Please advise as to where this should be reported if not here.
comment:6 by , 5 years ago
| Severity: | medium → highest |
|---|
comment:7 by , 5 years ago
Known fact already :) I forgot to upload a new dash package. Will do in monday i hope
comment:8 by , 5 years ago
| Cc: | added |
|---|
comment:9 by , 5 years ago
| Resolution: | → fixed |
|---|---|
| Status: | reopened → closed |
Confirmed that the new dash package resolves the dependency for both i686 and pentium4. Thanks.
Still not sure where ca-certficates issues are supposed to be reported on github.

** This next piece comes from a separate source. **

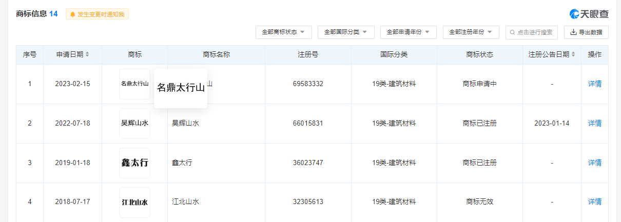 水泥人網注意到,企業旗下與國內知名商標類似的有“昊輝山水、鑫太行”目前狀態為已注冊狀態,“江北山水”商標為無效狀態。

comment:10 by , 5 years ago
me neither atm :) we are creating some possibilities soon. while github is great, it also has some drawbacks. like not having the possibility to add tickets for private repos.
we figure out the best strategy for that atm.
Prior ca-certificates update ticket (with useful links): #105.